Symptoms can vary because of the more than 1,000 mutations of the gene. Symptoms include:

- Failure of infants to thrive;

- Lung problems, including persistent coughing, phlegm and shortness of breath;

- Pancreatic enzyme problems, causing difficulties with the bowel's absorption of nutrients;

- Excessive appetite, but poor weight gain;

- Very salty-tasting skin;

- Sinusitis and nasal problems;

- Greasy, thick stools;

- As they age, people with cystic fibrosis are also prone to bronchiectasis, bowel obstruction, infertility and liver cirrhosis.

- Osteoporosis can be a problem because of the steroids taken to control lung disease.

- Some babies have a bowel obstruction called meconium ileus, where, the meconium (thick black matter present in the bowels of all newborns) is so thick that it does not pass through the bowel. An operation is needed to relieve the blockage.

- Dietary problems can lead to type 2 diabetes.

- New-born testing - babies can be blood tested at birth using a heel prick test.

- Sweat test - children with cystic fibrosis have higher levels of salt in their sweat than normal.

- Antenatal testing - this can determine early on in a pregnancy whether the baby will have cystic fibrosis. It is only offered in cases where there is a high chance of the condition being present.

- Genetic testing - a sample of cells can be obtained from inside the cheek and used to isolate the cystic fibrosis gene.

- Lung X-ray - this can ascertain whether there has been damage due to cystic fibrosis.

- Chorionic villus sampling is a genetic test for prenatal diagnosis. It is normally performed between the 9th and 12th weeks of pregnancy and allows parents to decide whether or not to continue with the pregnancy.

The main aim of treatment is to prevent respiratory infections - the most common cause of death.

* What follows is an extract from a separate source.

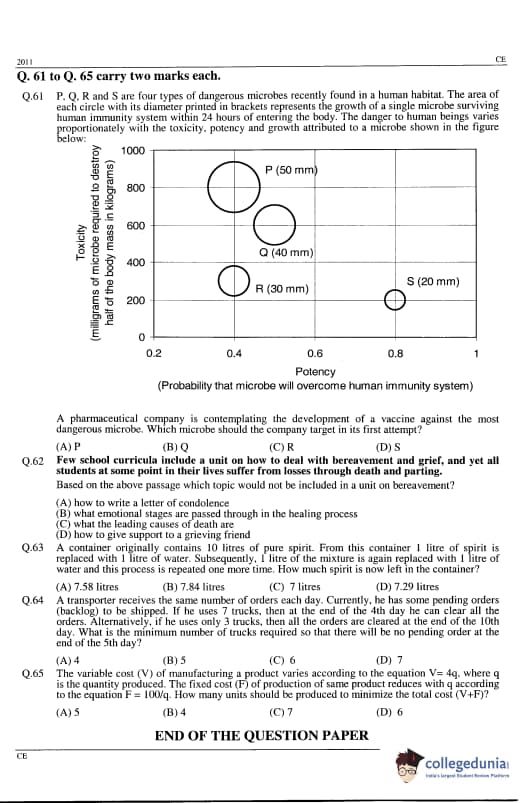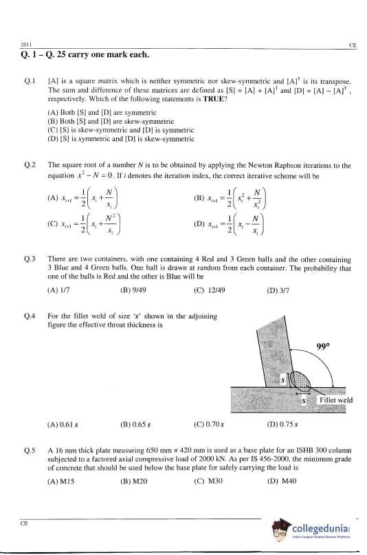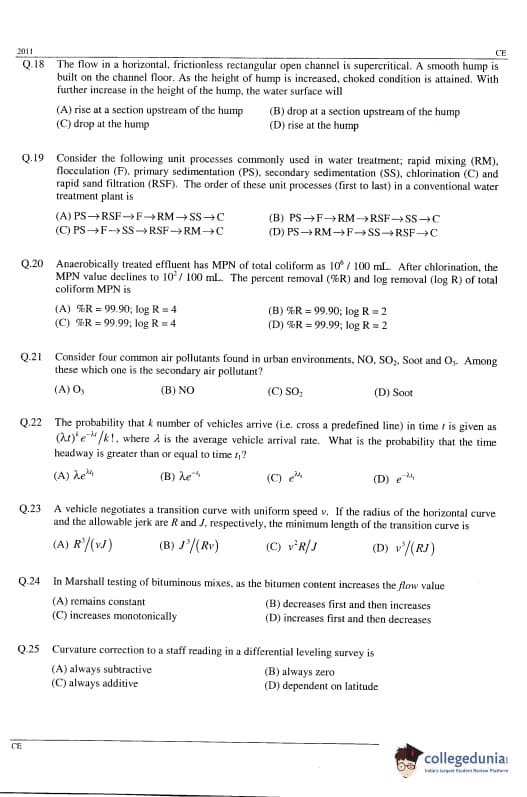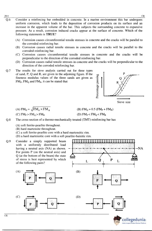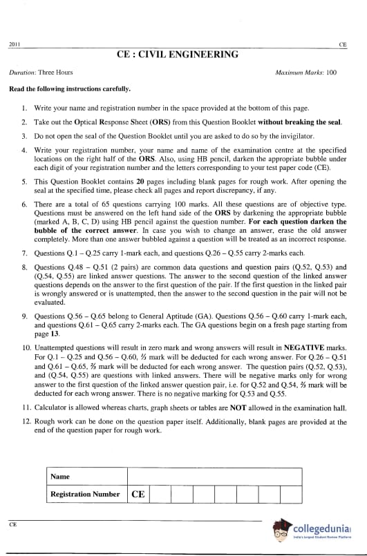 GATE 2011 Civil Engineering (CE) Question Paper and Answer Key PDFs are now available to download. GATE 2011 CE Paper was conducted by IIT Madras The test-takers described the difficulty level as moderate. GATE 2011 Civil Engineering (CE) was held on February 13, 2011 in the Forenoon Session. GATE CE Question Paper had 65 questions carrying 100 marks.

- Antibiotics to treat infections.

- Physiotherapy is used to clear mucus from the lungs. Eventually patients can do this themselves.

- Bronchodilators open the airways and steroids are used to reduce airway inflammation.

- Bowel absorption problems mean good diet is vital. Enzyme supplements are used to help the pancreas absorb nutrients and provide more energy.

- Exercise helps prevent deterioration of the lungs and develops all-round strength.

- Heart-lung transplantation is an established treatment for end-stage cystic fibrosis.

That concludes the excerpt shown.